The efficient use of direction-of-arrival (DoA) estimation techniques with smart antennas is an important research topic in wireless systems like ad hoc networks (Alexiou, 2004) or for the design of a DoA finder.
As a kind of smart antenna, switched parasitic antennas were proposed for cellular communications (Vaughan, 1999; Scott, 1999; Almhdie, 2000; Svantesson, 2002; Thiel, 2002). Compared to a conventional array antenna, which needs as many active radio receivers as antenna elements, a switched parasitic array antenna needs only a single active radio receiver. Therefore, the use of a switched parasitic antenna at the user side is an interesting alternative, since it can provide a small size, low cost and low power consumption for the receiver part. The switched parasitic antenna forms beams by using passive antenna elements that serve as reflectors when shorted to ground. Thus, a fixed number of directional patterns can be achieved by switching the short-circuits of the passive elements using p.i.n. diodes (Thiel, 2002). Switched parasitic antennas are known to improve the communication capacity in wireless communication systems (Almhdie, 2000), to perform high-resolution DoA estimation (Svantesson, 2002), such as that for personal locating services, and to provide antenna diversity (Vaughan, 1999; Scott, 1999) for adaptive communication systems.

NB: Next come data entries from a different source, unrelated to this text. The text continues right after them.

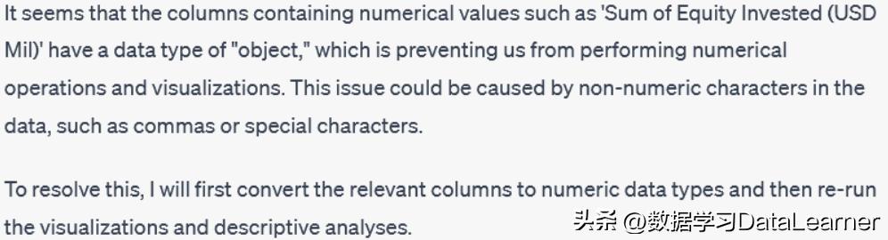 不过,需要注意的是ChatGPT并不是直接给出这三个结果。还给出了这三个图中的过程处理。尤其是关于错误处理的信息。例如,ChatGPT在处理资产投资总额的时候发现对Sum of equity Invested处理出错了,提示类型错误,所以ChatGPT又强制将这个列转成了数值类型之后再去做可视化。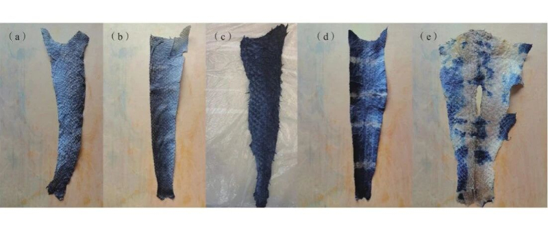 图6 鱼皮染色实验最终效果 (a) 湿涂染;(b) 干涂染;(c) 完全浸染;(d) 条纹扎染;(e) 折叠扎染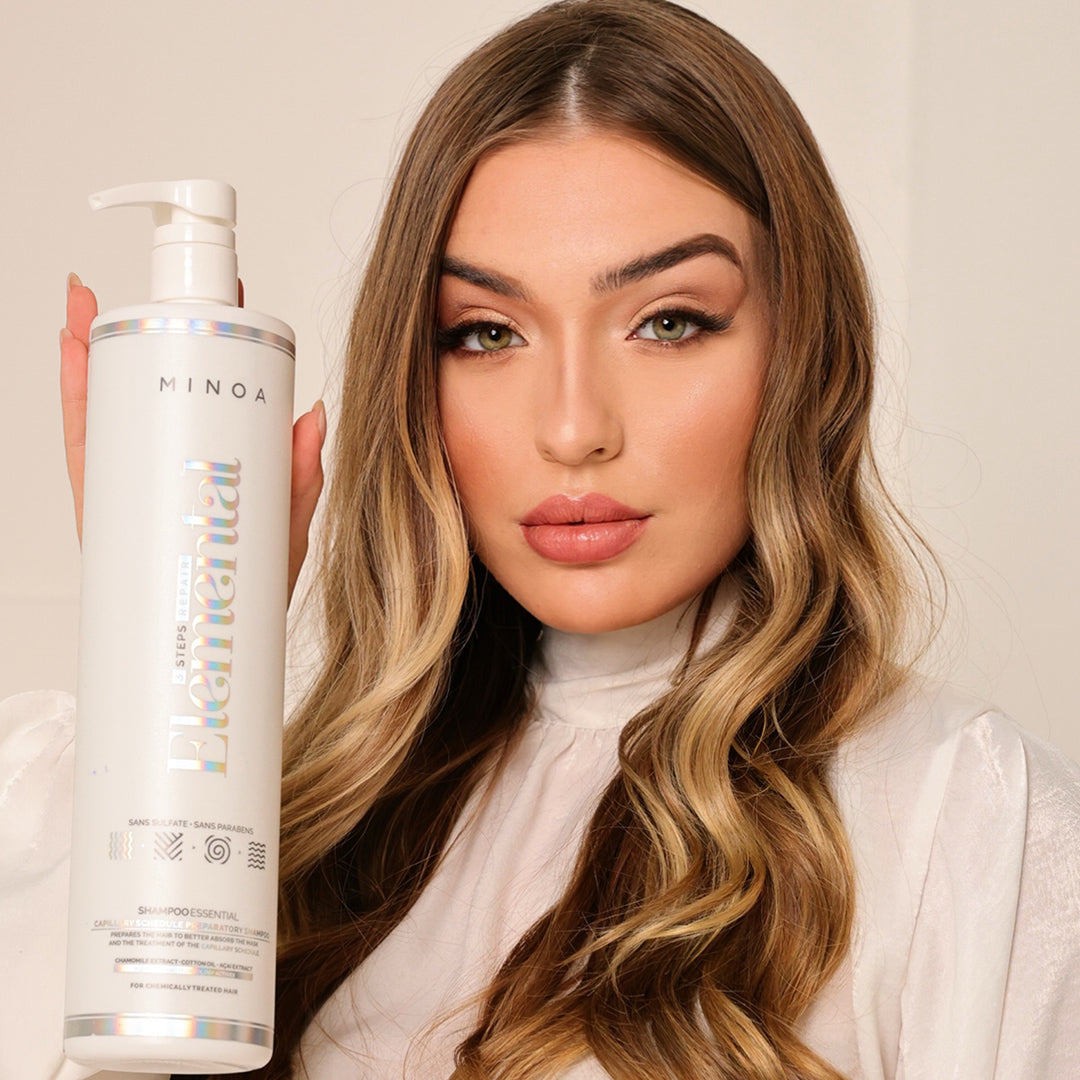 O shampoo essential, da Minoa Professional, é o passo inicial de um cronograma capilar apaz de recuperar a saúde dos seus cabelos, tornando-o macio e garantindo a recuperação da vivacidade e brilho dos fios. Limpa suavemente o couro cabeludo e os cabelos, removendo as impurezas e o óleo sem a sensação de ressecamento, preparando os cabelos para melhor absorver a máscara e o tratamento do cronograma. É enriquecido com ingredientes hidratantes, nutritivos e restauradores, que iniciam o processo de restruturação desde a lavagem.

The electronically steerable parasitic array radiator (Espar antenna), a kind of reactively controlled antenna (Harrington, 1978), was first proposed for low-cost user terminal applications (Ohira, 2000). Compared with simple switched parasitic antennas, the Espar antenna exhibits greater steerability control by means of its electronically controllable reactances and a more complex system for controlling the reactances (Thiel, 2004). Indeed, the parasitic element is connected to the ground by means of a reactance made with a reverse-bias varactor diode that can be controlled through loaded voltage. Thus, as a function of the reactance value, the parasitic element can variably act as a reflector or a radiator (Ohira, 2004, pp. 184-204). The continuous variability of the loaded reactance of the Espar antenna makes it more flexible than switched parasitic antennas because the number of possible directional patterns becomes greater (Thiel, 2004). Such a feature could be successfully employed, for example, in adaptive control processes involving beam and null forming, where the radiation pattern of an Espar antenna with a beampointing direction in the desired signal direction and nulls in the interference directions is obtained by optimizing the loaded reactances (Sun, 2004).